Our Business Opportunities
Our many opportunities for client development in the digital
signage industry are growing virtually exponentially. While many companies in
our industry have traditionally outsourced all or part of their content
creation, Data Call serves as a provider of dynamic active content to clients on
a tailored basis. Whether a client desires general entertainment information for
customers, such as news, sports, stock market quotes, etc. or location-specific
content, such as local weather, traffic, product sales and specials, etc., our
research has validated our long-held assumption that dynamic content draws and
retains our clients' target viewers to their digital signage and keeps them
engaged throughout the presentation.
Since our inception, management has developed strong
relationships working with the leaders in digital signage. Collaborative efforts
successfully created the data formats and means of communication to facilitate
the delivery of our dynamic content more easily and efficiently by our clients
for integration into their hardware and software products, setting industry
standards.
Partners, Not Customers
Data Call's approach to our clients is to build long-lasting
partnerships by creating client relationships that we believe are unique in the
digital signage industry. We do this because we understand that each client has
its own content requirement. In developing dynamic content for individual
digital signage clients, we have identified three content-related factors: (i)

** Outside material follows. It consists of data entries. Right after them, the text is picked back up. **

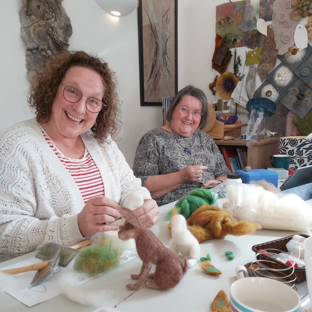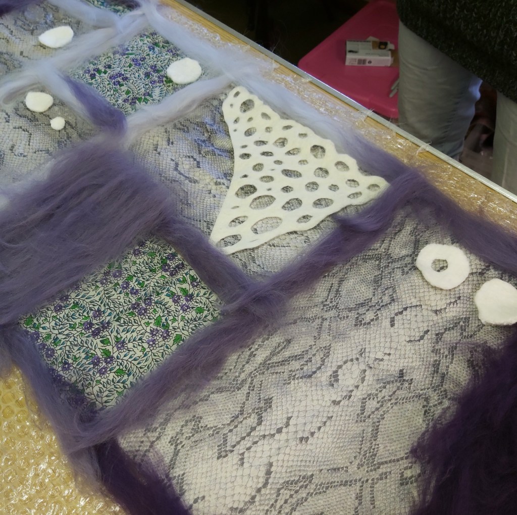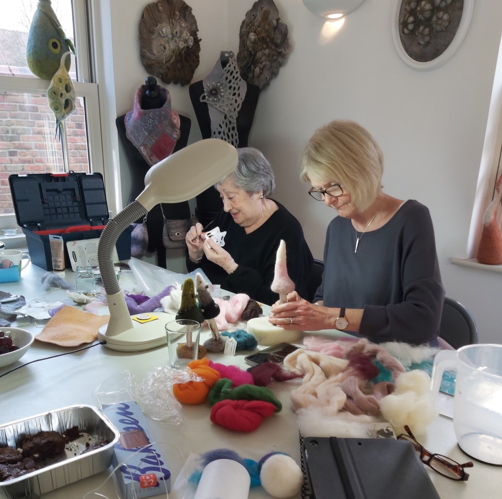 Something I’m doing much more of now is small group workshops in my home studio. These tend to be groups of friends who book together either for a specific project or, as in the case of Margie, Di, Clare and Jacky, each one came with a certain idea in mind and I helped guide them towards completion. These ladies have been several times for wet felting and in February decided to ring the changes with some needle felting and Tyvek work.
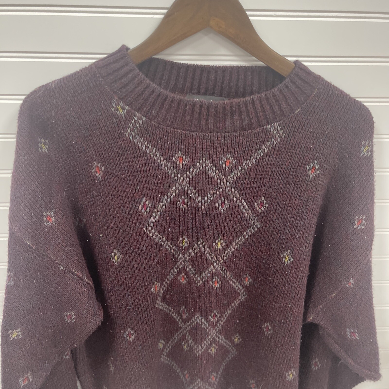 как выглядит Vintage Reed St James Sweater Multicolor Diamond Print Sweater USA Mens Large фото
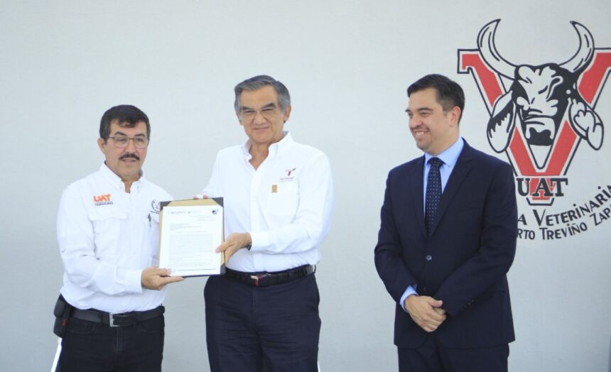 Acompañado por el rector de la UAT, Dámaso Anaya Alvarado, y dirigentes del sector ganadero del estado, el gobernador recibió de manos de Leandro David Soriano García, director general de Inocuidad Agroalimentaria, Acuícola y Pesquera del Senasica, el documento que permite la actividad diaria de la sala de corte y deshuese para la especie bovina, cámara de producto terminado, almacén, empaque y andenes de carga y descarga en el rastro ubicado en la Facultad de Medicina Veterinaria y Zootecnia, en esta capital.
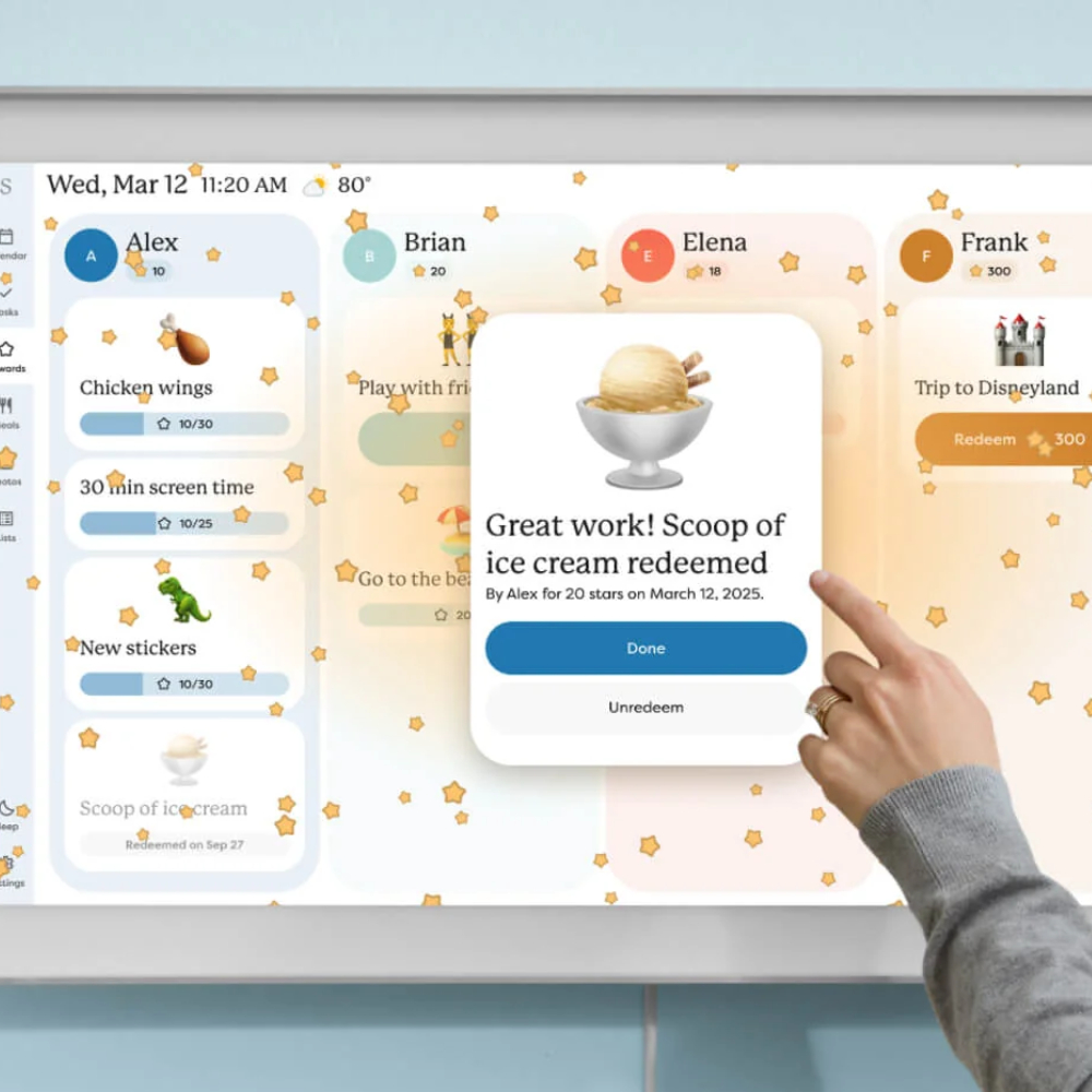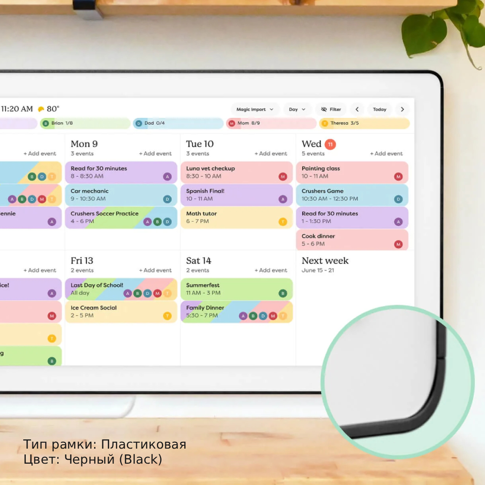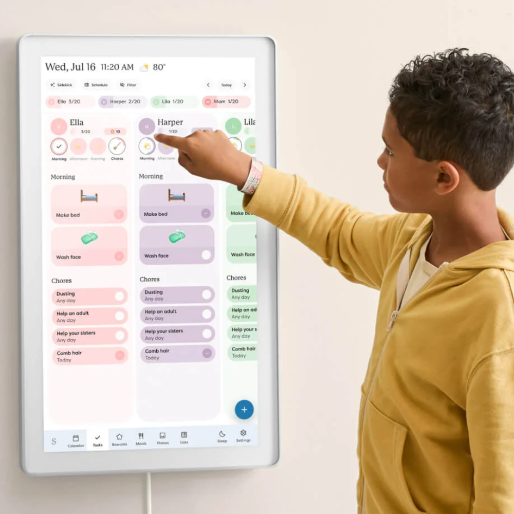 Skylight Calendar Max предназначен для всей семьи и позволяет нам создавать геймифицированные задания для детей, превращая рутинные дела, помощь по дому и выполнение домашней работы в веселую игру. Нам доступно четыре варианта интерфейса — день, неделя, месяц, а также список заданий. Мы можем устанавливать обратный отсчет для праздников и важных событий. Устройство также поддерживает трансляцию прогноза погоды, что особенно удобно в настенном формате. Режим сна помогает экономить электроэнергию — мы сами можем задать время пробуждения календаря и выключения экрана. А адаптивная яркость делает монитор безопаснее для глаз. Интерфейс на английском языке.
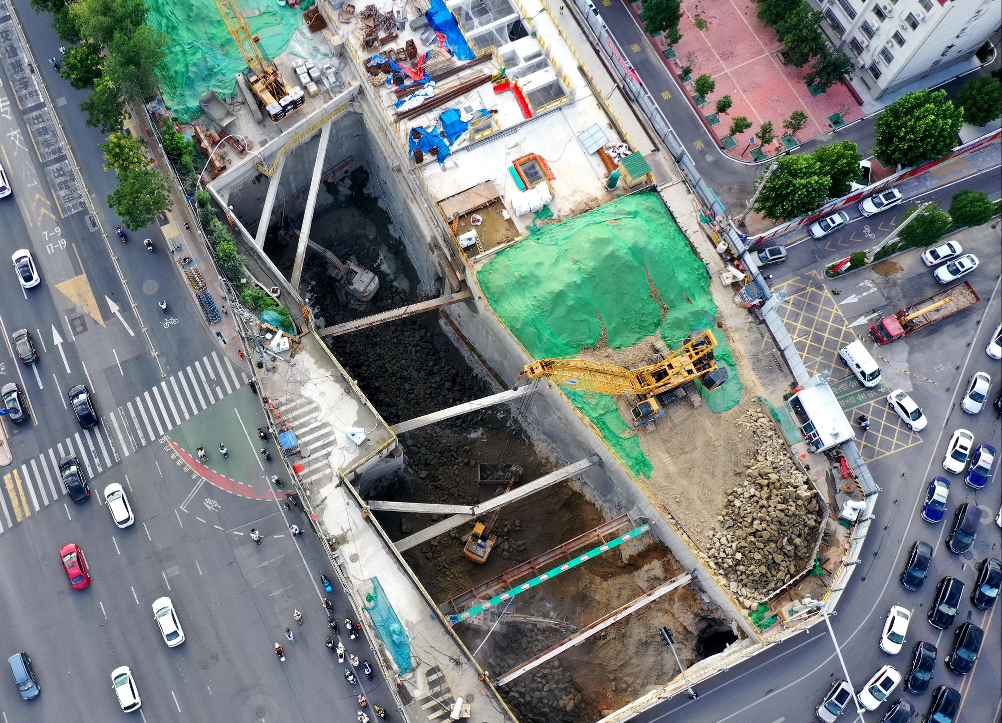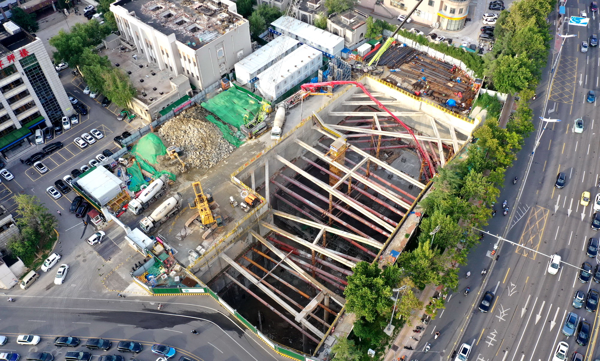 8月1日,航拍正在施工的济南地铁4号线山大路站工地。与5月份相比车站施工进展显著,数台大型机械在地下工作面施工,水泥混凝土灌注也在进行中,地下车站的雏形渐渐显现。 今年1月5日22时起,轨道交通4号线一期工程山大路站进行施工,施工周期至2025年12月31日,共24个月。这个站属于地铁4号线最后动工的车站,目前施工正加班加点进行。 (齐鲁晚报·齐鲁壹点客户端记者 周青先)

reliability; (ii) objectivity; and (iii) ease of implementation. To address the
reliability requirement, we have elected to enter into license arrangements with
the leading providers of news, weather, sports and financial information, among
other client-desired content rather than either: (i) downloading and repackaging
content sourced from the Internet (which may be illegal); or (ii) pulling RSS
feeds (which may come and go at the provider's whim). Licensing data from these
premier providers has also served us by satisfying the second criteria,
objectivity. Because it is commonly recognized that Internet content may often
be unreliable, unverifiable and biased, we have determined that we could not
simply use unfiltered Internet content for delivery to our clients. To achieve
ease of implementation, our licensing of data facilitates the ease of delivery
to and implementation and use by our client/partners. Data Call has understood
that it's Digital Signage and Kiosk clients needed more complete service than to
endeavor the sourcing of active content from multiple vendors. As a result, our
flexible content packages permit our clients to do "one stop shopping" for all
of their dynamic content requirements by a single sublicense from us. Ease of
implementation also would require that the multiple formats of all Data Call's
data providers be distilled into a single, usable format.
We enable our clients to receive customized dynamic content
which may be displayed in a multitude of ways (banners, tickers, scrolls or
artistically integrated with the overall presentations). We have created and
produced multiple sets of common data layouts in the industry-standard XML
(extensible markup language) format inclusive of MRSS. With the advent of HTML5,
even more delivery methods have been made available to our clients, many of whom
have found these new formats to be easily integrated into their products.
Nevertheless, we have also produced customized data formats to the exact and
specific requirements of our clients/partners, which, we believe ensures a
higher level of reliability and ease of integration.
Market demand, opportunity and technology converge at a
single point in time, and Data Call is there. Our integrity continues to build
our business. Digital signage platforms are evolving to meet mass market
requirements, costs for hardware and software are falling to the point of
becoming commodities and the markets for digital signage are clarifying through
historical trial and error.
Business Operations
In August of 2013, we announced the release of our Direct
Lynk Media (DLMedia) product. The DLMedia product encapsulates the Direct Lynk
Messenger product with major enhancements and options that allow the client to
select and include in their feed images relative to the news feeds. Also in the
release, both Weather and Traffic image products have been enhanced
considerably. Other additions included within the release bring more value to
the company's clients and create more interest from new and existing clients.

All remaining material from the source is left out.